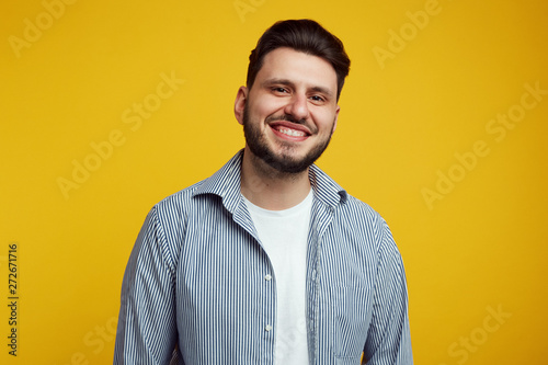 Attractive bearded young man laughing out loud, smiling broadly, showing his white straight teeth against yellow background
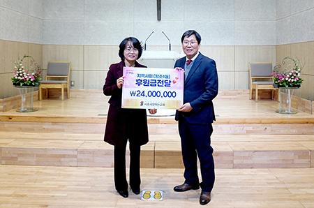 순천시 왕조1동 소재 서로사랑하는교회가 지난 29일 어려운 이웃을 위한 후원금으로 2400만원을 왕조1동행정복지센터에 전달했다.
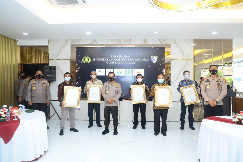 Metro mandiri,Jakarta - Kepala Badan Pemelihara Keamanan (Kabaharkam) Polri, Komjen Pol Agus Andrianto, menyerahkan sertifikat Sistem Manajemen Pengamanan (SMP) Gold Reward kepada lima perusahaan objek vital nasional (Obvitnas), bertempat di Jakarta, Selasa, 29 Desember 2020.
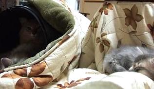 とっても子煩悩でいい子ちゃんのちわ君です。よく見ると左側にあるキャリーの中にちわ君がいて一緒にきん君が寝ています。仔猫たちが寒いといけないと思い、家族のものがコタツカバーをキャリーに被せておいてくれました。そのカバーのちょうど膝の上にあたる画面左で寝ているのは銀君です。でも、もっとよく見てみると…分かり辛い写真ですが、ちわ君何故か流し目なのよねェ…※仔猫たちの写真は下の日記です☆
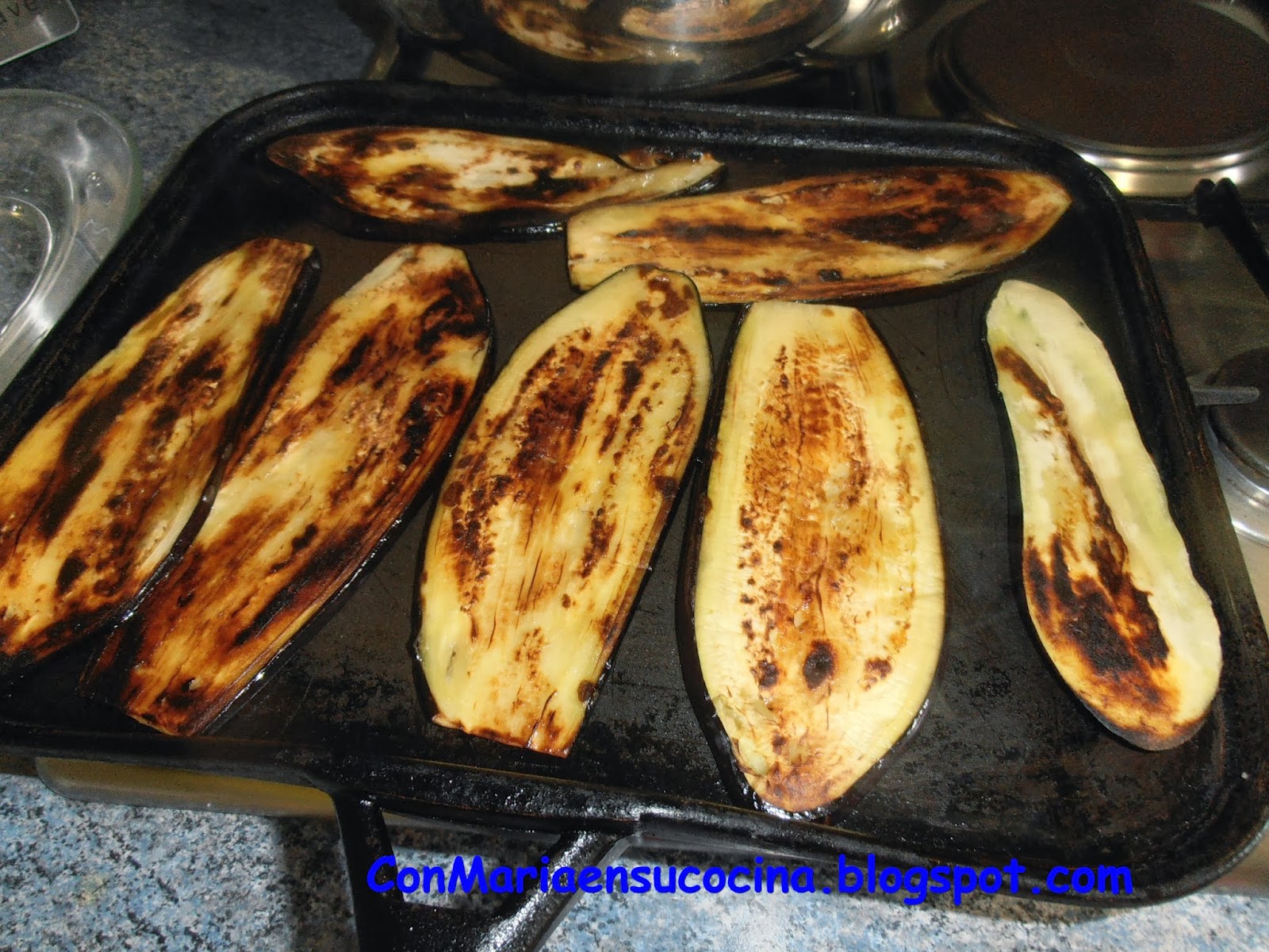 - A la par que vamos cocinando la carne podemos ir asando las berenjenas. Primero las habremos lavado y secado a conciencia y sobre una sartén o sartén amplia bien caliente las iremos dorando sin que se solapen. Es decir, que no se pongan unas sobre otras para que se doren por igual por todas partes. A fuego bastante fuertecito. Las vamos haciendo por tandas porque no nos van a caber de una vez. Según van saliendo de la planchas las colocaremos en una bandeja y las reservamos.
________________________________________
## Your task
All of the listing should be transcribed exactly, but none of its images.

## Answer to this problem
 Attractive bearded young man laughing out loud, smiling broadly, showing his white straight teeth against yellow background
 순천시 왕조1동 소재 서로사랑하는교회가 지난 29일 어려운 이웃을 위한 후원금으로 2400만원을 왕조1동행정복지센터에 전달했다.
 Metro mandiri,Jakarta - Kepala Badan Pemelihara Keamanan (Kabaharkam) Polri, Komjen Pol Agus Andrianto, menyerahkan sertifikat Sistem Manajemen Pengamanan (SMP) Gold Reward kepada lima perusahaan objek vital nasional (Obvitnas), bertempat di Jakarta, Selasa, 29 Desember 2020.
 とっても子煩悩でいい子ちゃんのちわ君です。よく見ると左側にあるキャリーの中にちわ君がいて一緒にきん君が寝ています。仔猫たちが寒いといけないと思い、家族のものがコタツカバーをキャリーに被せておいてくれました。そのカバーのちょうど膝の上にあたる画面左で寝ているのは銀君です。でも、もっとよく見てみると…分かり辛い写真ですが、ちわ君何故か流し目なのよねェ…※仔猫たちの写真は下の日記です☆
 - A la par que vamos cocinando la carne podemos ir asando las berenjenas. Primero las habremos lavado y secado a conciencia y sobre una sartén o sartén amplia bien caliente las iremos dorando sin que se solapen. Es decir, que no se pongan unas sobre otras para que se doren por igual por todas partes. A fuego bastante fuertecito. Las vamos haciendo por tandas porque no nos van a caber de una vez. Según van saliendo de la planchas las colocaremos en una bandeja y las reservamos.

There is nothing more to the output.